# Source data:

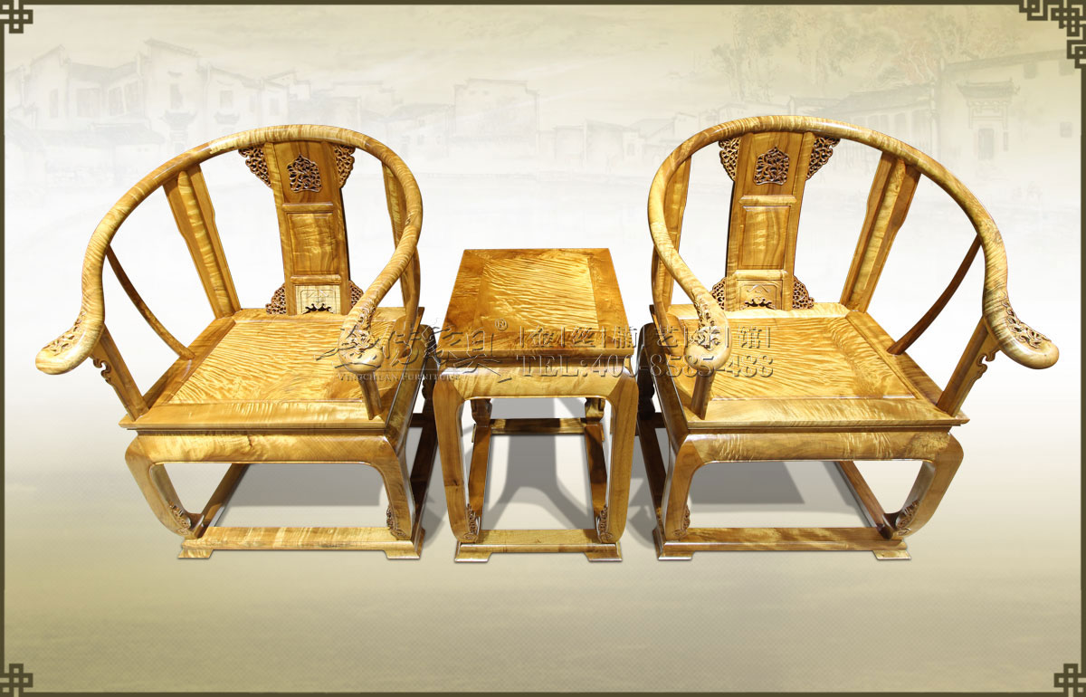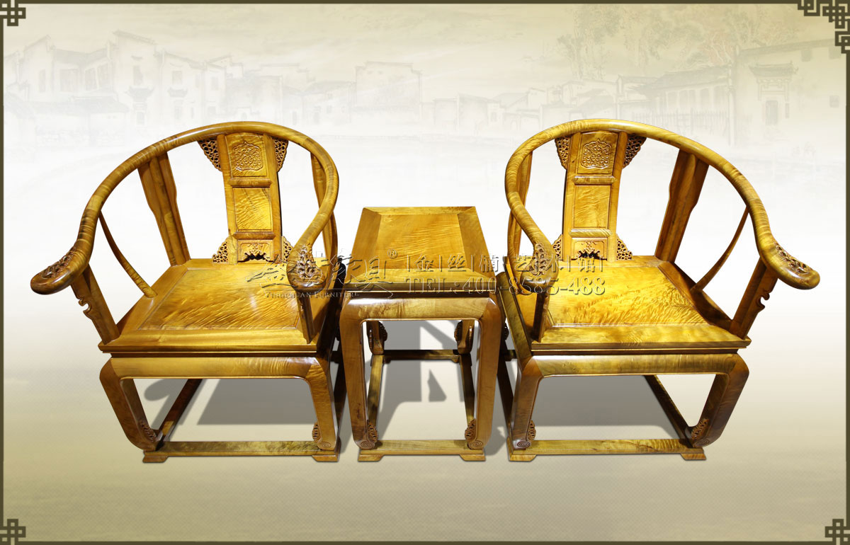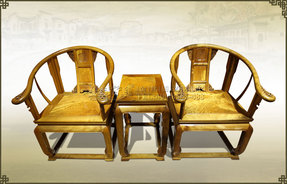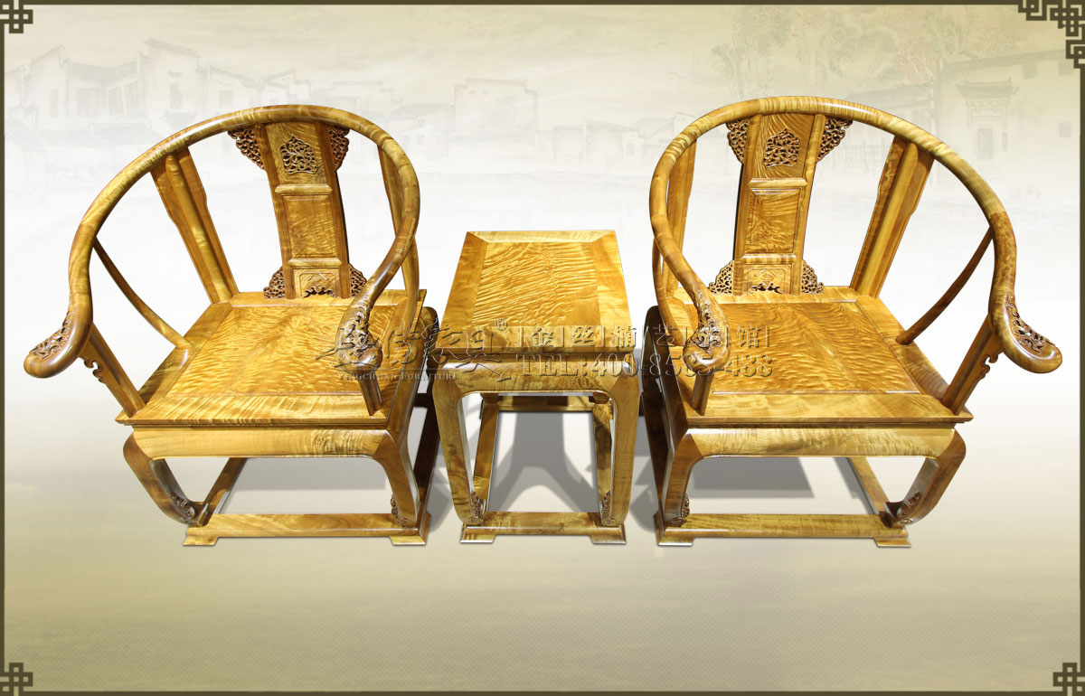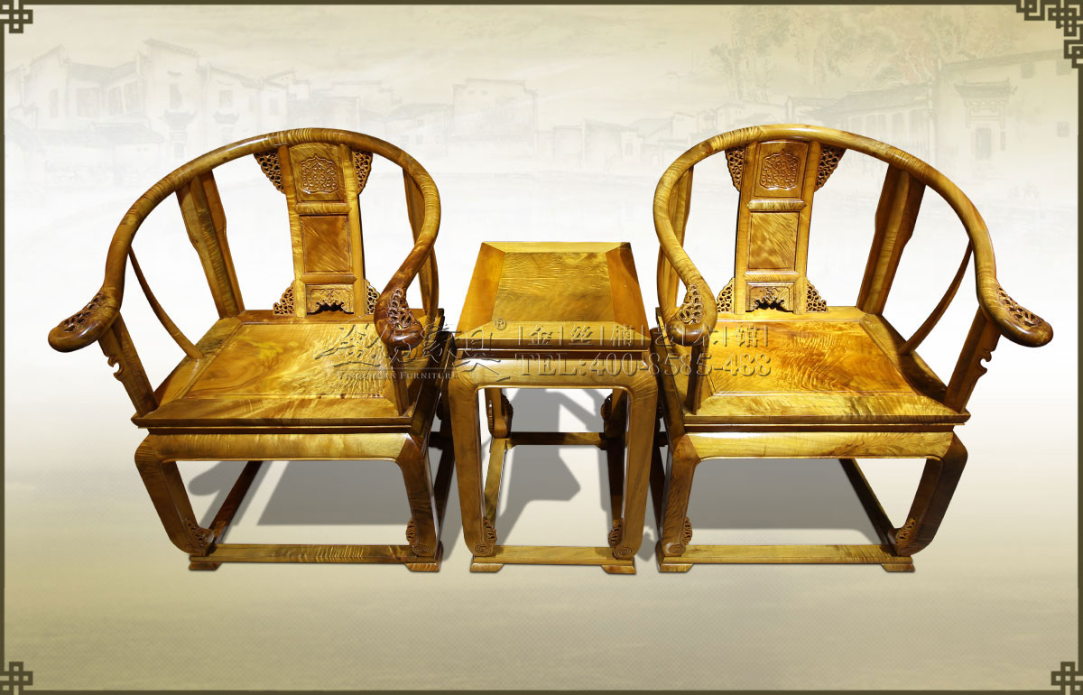 介紹:此皇宮椅三件套精選上好的金絲楠制作而成,金絲飽滿,紋理瑰麗眩美,猶如行云流水一般,既奪人眼球,又令人舒心。椅圈連著扶手,內抱外挑,坐體寬圓,開口曲鉤,雕花精致漂...
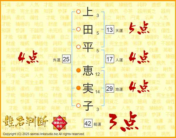 上田平恵実子さんの天運は13画の5点!
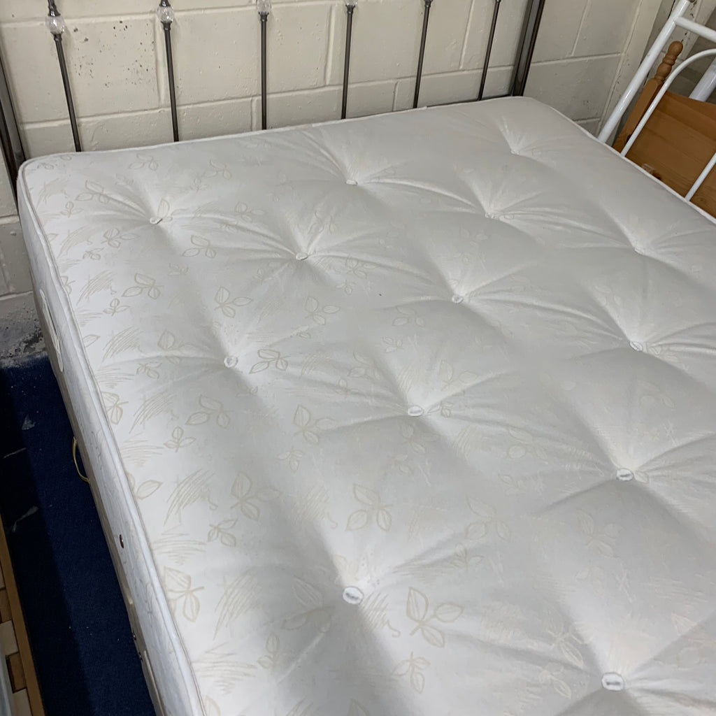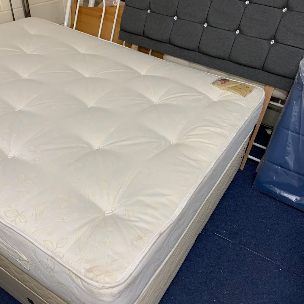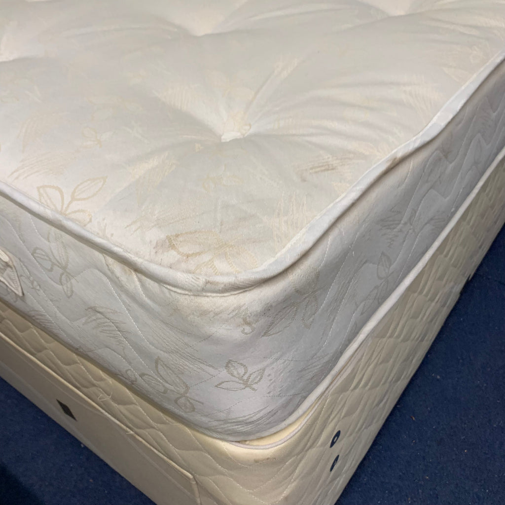Cream king size divan bed base with 4x drawers, metal headboard and mattress.
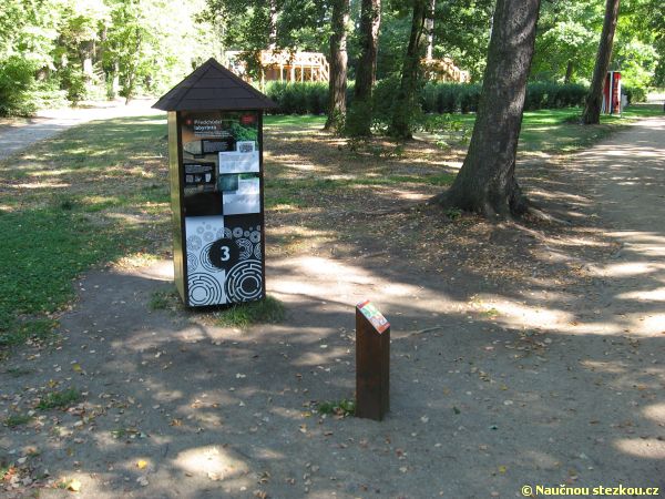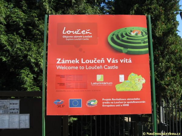 Labyrintárium Loučeň – informační panel první zastávky naučné stezky nás nedaleko vstupu do zámku láká k návštěvě
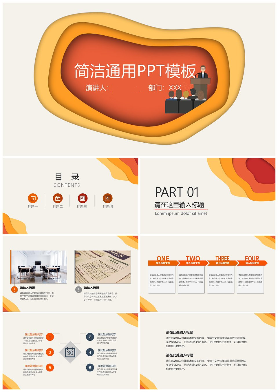 橙红简洁通用PPT模板

# WORK ORDER:
Without the pictures, repeat exactly the lines running from the line containing "Cream king size" through the end of the data, both ends included.

# SOLUTION TO THE EXERCISE:
Cream king size divan bed base with 4x drawers, metal headboard and mattress.
 Labyrintárium Loučeň – informační panel první zastávky naučné stezky nás nedaleko vstupu do zámku láká k návštěvě
 橙红简洁通用PPT模板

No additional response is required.